This announcement appears for information only and does not constitute an invitation or offer to acquire, purchase or subscribe for any securities of the Company.

WANG ON GROUP LIMITED

(Incorporated in Bermuda with limited liability)

Private Placing of Warrants

Placing Manager

Kingsway SW Securities Limited

The Directors are pleased to announce that on 24th June, 2002, the Warrant Placing Agreement was entered into between the Company and the Placing Manager in relation to a private placing of the Warrants at an issue price of HK$0.001 per unit of Warrant on a fully underwritten basis.

The Warrants will entitle the Placees to subscribe for New Shares at an initial subscription price of HK$0.017 per New Share at any time during the period from the date of issue of the Warrants to 31st July, 2003 (both dates inclusive). Each unit of Warrant carries the right to subscribe for one New Share. Completion is subject to fulfillment of the condition stated below. It is intended that the net proceeds from the Warrant Placing of approximately HK$1.7 million will be applied as general working capital of the Group. The New Shares will be issued under the general mandate granted to the Directors at the special general meeting of the Company held on 14th June, 2002.

The Company will apply to the Listing Committee of the Stock Exchange for the listing of, and permission to deal in, the New Shares which may fall to be issued upon exercise of the subscription rights attaching to the Warrants.
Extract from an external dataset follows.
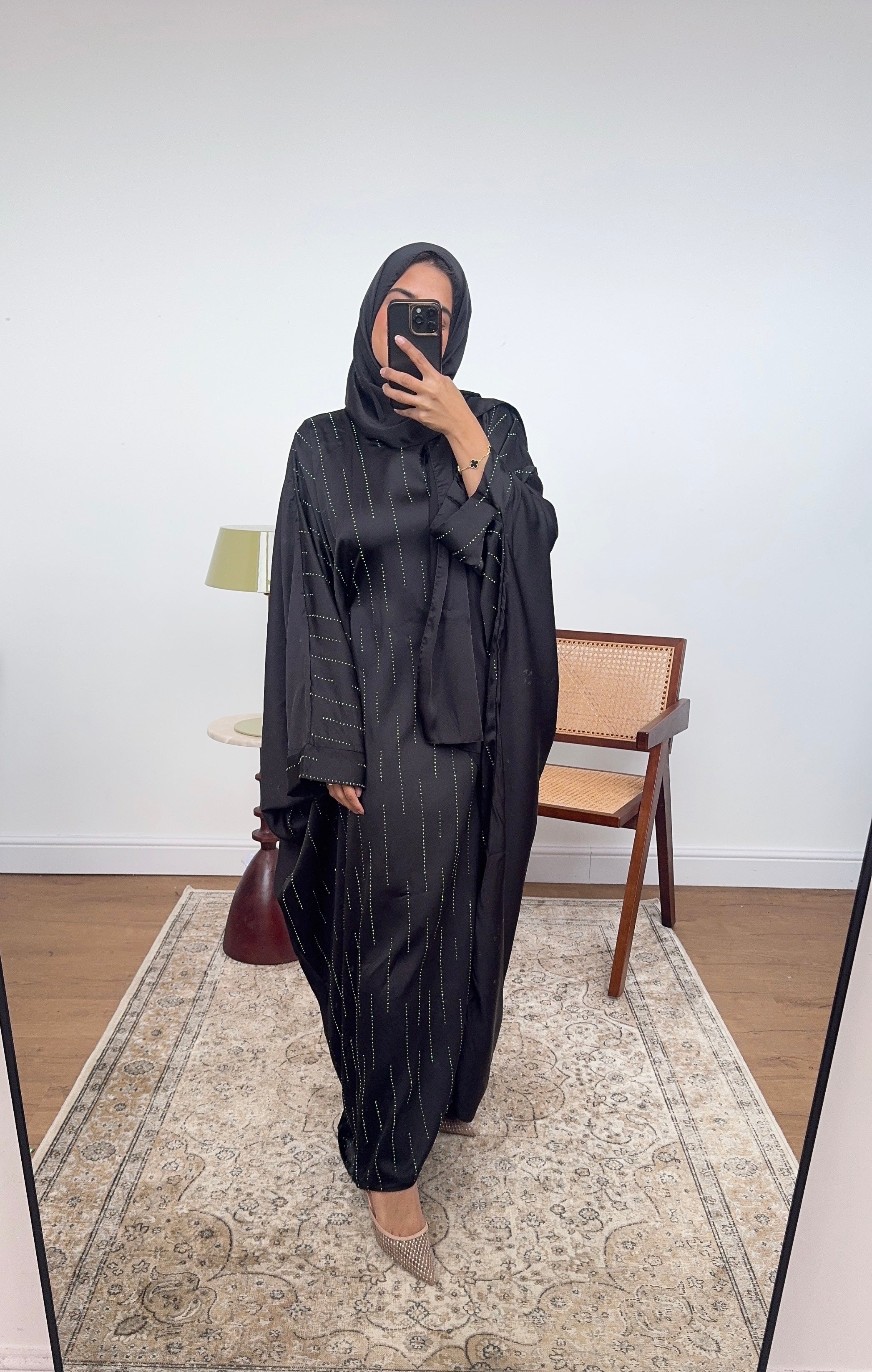 Beautiful abaya with diamente detail and inner tie belt for fitting. Scarf attached.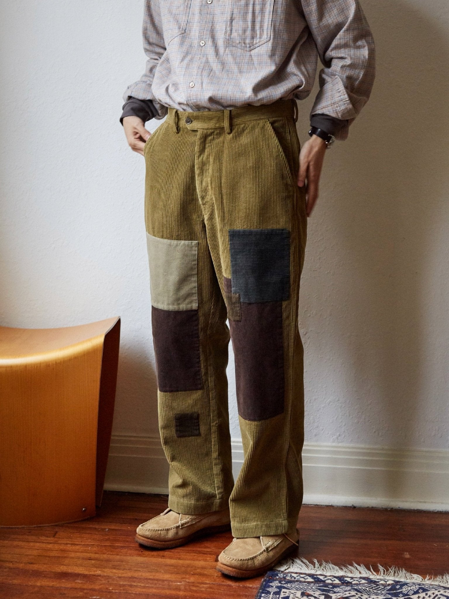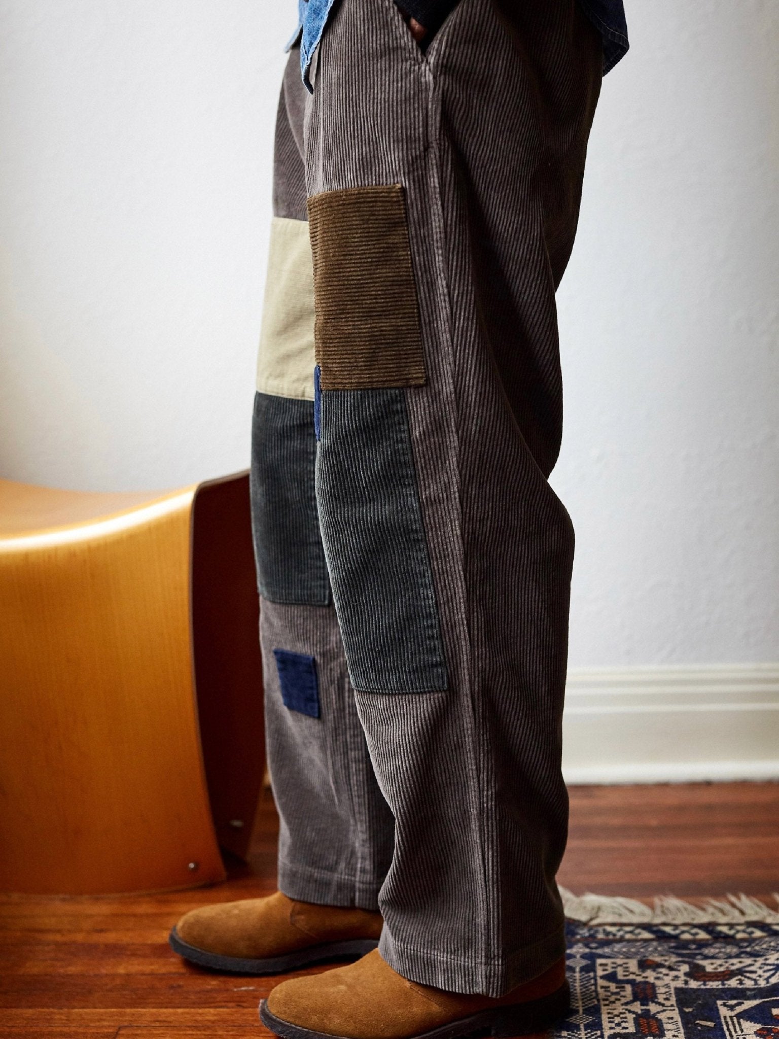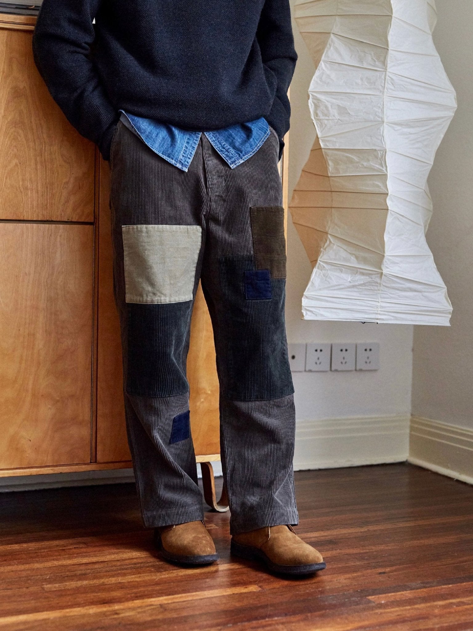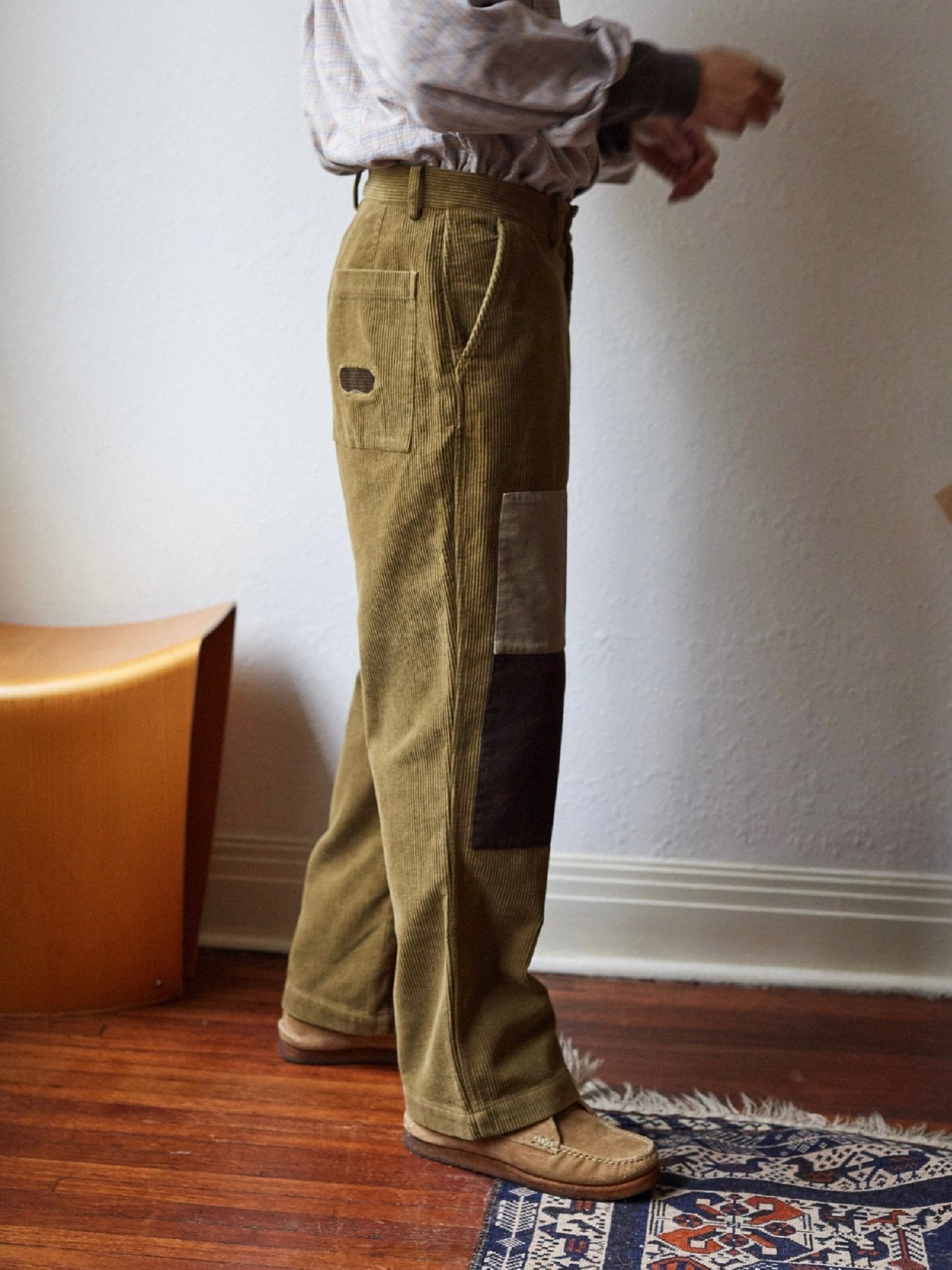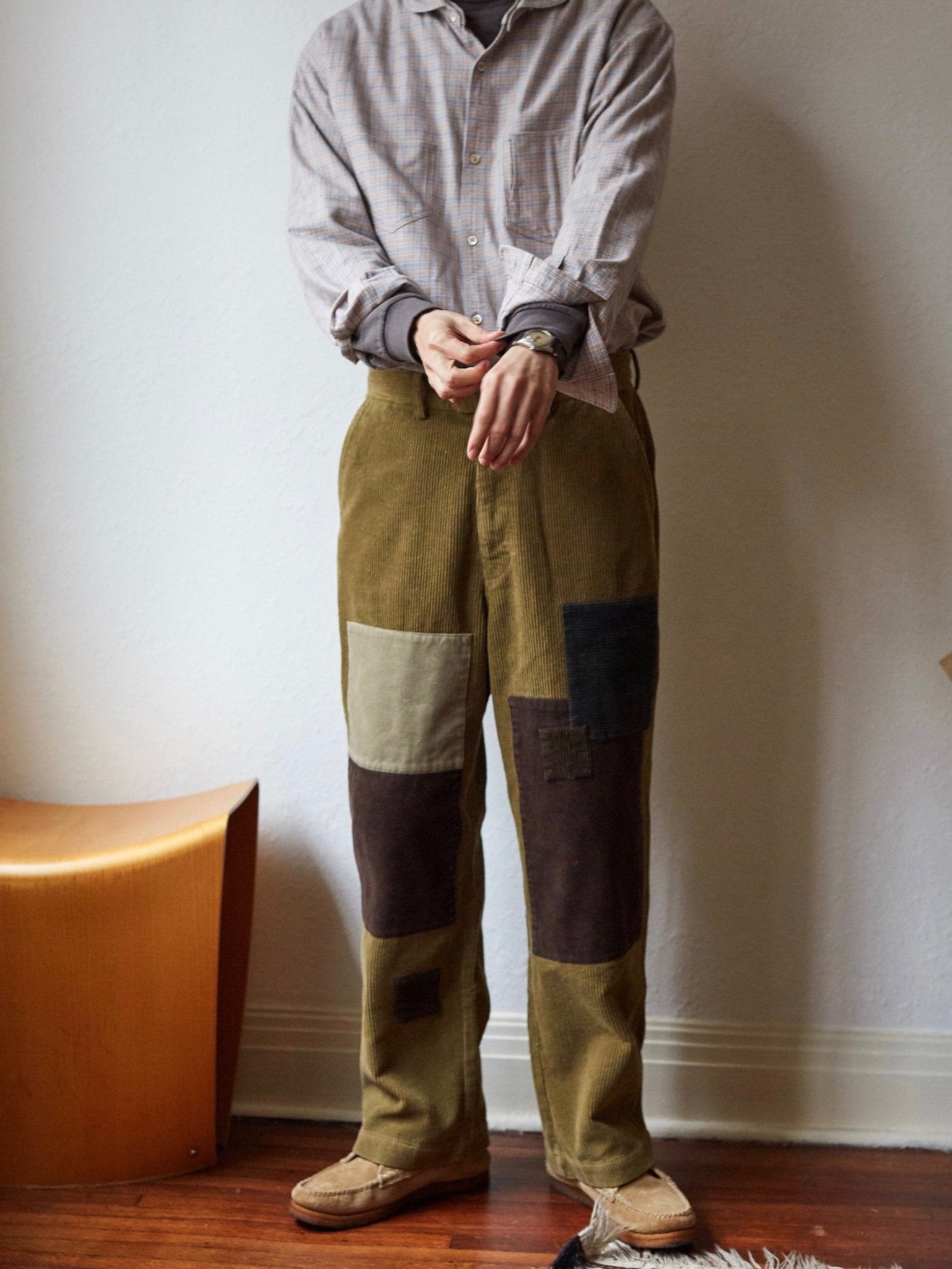 このパンツには、早期の作業服パンツのパッチ要素が取り入れられており、異なる色、サイズ、位置、およびコードバン生地の変化を組み合わせ、非対称のパッチワーク、重ね縫いなどの手法を使用して、独特なディテールを表現しています。また、カーキ色のデザインが古風なワークウェアのスタイルを演出しています。

No listing of the Warrants will be sought on the Stock Exchange or any other stock exchanges.

WARRANT PLACING AGREEMENT

Date

24th June, 2002

Warrant Placing

Issuer : The Company
Placing Manager : Kingsway SW Securities Limited
Number of Warrants : 2,000,000,000 units
Warrant Issue Price : HK$0.001
Subscription Price : HK$0.017
Basis of Placing : Fully underwritten

The Warrant Issue Price and the Subscription Price were negotiated on an arm's length basis between the Company and the Placing Manager. The Subscription Price represents: (i) a premium of approximately 21.43% over the closing price of HK$0.014 per Share as quoted on the Stock Exchange on 24th June, 2002; and (ii) a premium of approximately 9.68% over the average closing price of HK$0.0155 per Share as quoted on the Stock Exchange for the last 10 trading days up to and including 24th June, 2002. The aggregate of the Warrant Issue Price and the Subscription Price represents: (i) a premium of approximately 28.57% over the closing price of HK$0.014 per Share as quoted on the Stock Exchange on 24th June, 2002; and (ii) a premium of approximately 16.13% over the average closing price of HK$0.0155 per Share as quoted on the Stock Exchange for the last 10 trading days up to and including 24th June, 2002.

Independence

The Placing Manager is, and the Placees to be procured by it and their respective beneficial owners will be, independent of and not connected with any of the directors, chief executive or substantial shareholders of the Company and any of its subsidiaries, or any of their respective associates (as defined in the Listing Rules). It is expected that the subscription of the Warrant arising from the Warrant Placing will not result in an introduction of any substantial shareholders to the Company.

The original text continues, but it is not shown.